Thanks for the gift, Dear Prudence. I had a good laugh. I particularly liked the one saying "I'm here for the free ear piercing" (no offense meant to Ms Ono  ) and also the "a moment later" photo.


----------



## la grive solitaire

LV4-26 said:
			
		

> Si granola-head est proche de baba cool, il est probablement plus éloigné de bobo. Tous les babs ne sont pas bobos. D'abord, ils n'ont pas tous les moyens de l'être.
> Ne pas oublier que les babs, c'est parfois aussi la route, les communautés*... J'imagine mal nos bobos dans ce genre de situation.
> 
> Un bab vieilli mais non repenti.  (si tu m'traites de bobo, tu vas voir !!! )
> 
> EDIT : * j'allais oublier : les squatts et les petits boulots précaires.


I'm afraid that I'm very late, too, but come bearing
Félicitations et un grand merci 
for all your thought-provoking posts and inimitable humor. ​


----------



## marget

*Félicitations, Jean-Michel!*

*     Grâce à toi, j'ai déjà appris un peu d'anglais et énormément de* *français*. *Un GRAND MERCI et 4 000 petits mercis!* *Joyeux* *postiversaire!*

*Amitiés,* 
*Margie*


----------



## kertek

Allô... à l'huile...

Thanks LV for your countless words of wisdom! And if, as you told me Serge put it, "la connerie, c'est la décontraction de l'intelligence," then I think after 4000 posts you have earned a little relaxation!

Cheers!
kertek xx


----------



## timpeac

kertek said:
			
		

> "la connerie, c'est la décontraction de l'intelligence,"
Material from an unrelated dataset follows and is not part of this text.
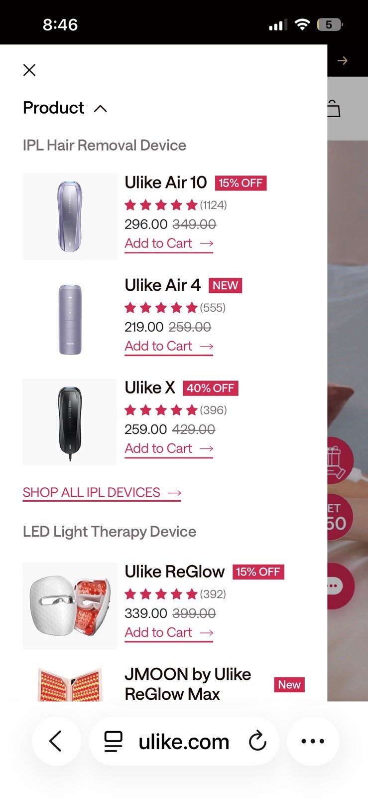 Ulike Air 4 IPL Hair Removal Device Purple w/ Sunglasses Accessories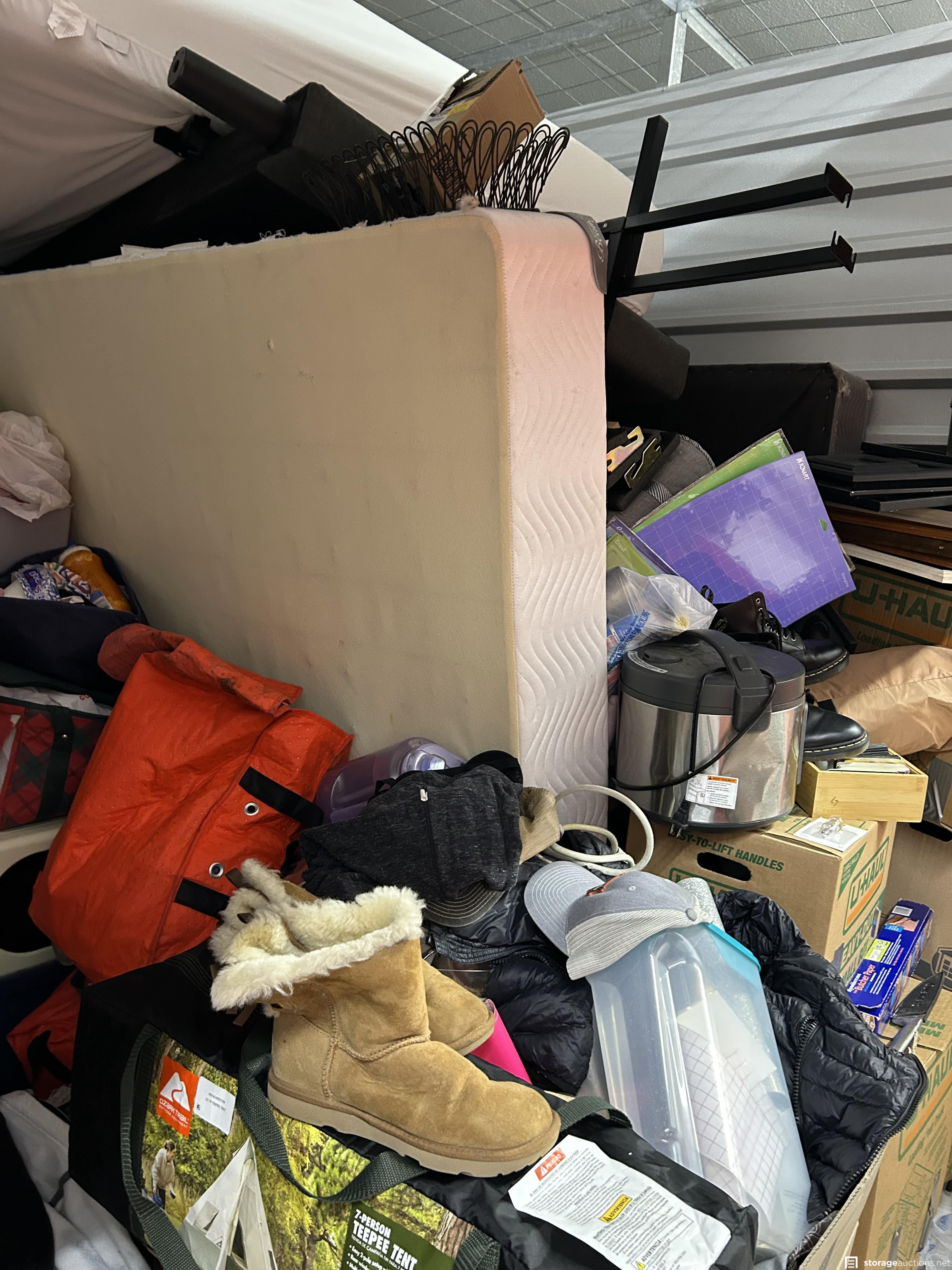 This unit has boxes, mattress, frame, tent

Did he? That's a fantastic quote!


----------



## LV4-26

To my friends la grive, marget and kertek
By the time it took you to post in that thread I could have gone twice to the Hyades (151 light years) and back. 
But thanks all the same, vieux moutard que j'aimais mieux vaut tard que jamais. Your kind words are highly appreciated.


----------



## Fernando

A "bit" late, but: Thank you for your posts.


----------



## LV4-26

Fernando said:
			
		

> A "bit" late, but: Thank you for your posts.


Never too late, Fernando, don't worry, never too late!
Thanks a lot.


----------



## Kelly B

Well, if you are traveling at light speed, then time has slowed down. That's my excuse.

Don't think about that one too hard, because I'm afraid it works in the wrong direction to be much of an excuse. But I'm sticking to it.

Anyway, I couldn't miss this opportunity to offer my best wishes and thanks.


----------



## LV4-26

Mille mercis, Kelly.


----------



## Outsider

Congratulations!

With all this heat, here's a nice place to cool off.

C'est dommage qu'on ne puisse pas aller dans ta planète. Ça serait fraîche, là-haut.


----------



## GenJen54

I thought I had already joined this galaxy of adulation. Congratulations, LV4, to our favorite Alien translator!


----------



## carolineR

Toutes mes Félicitations, Achéron 
Amicalement (et un peu tardivement) 
C


----------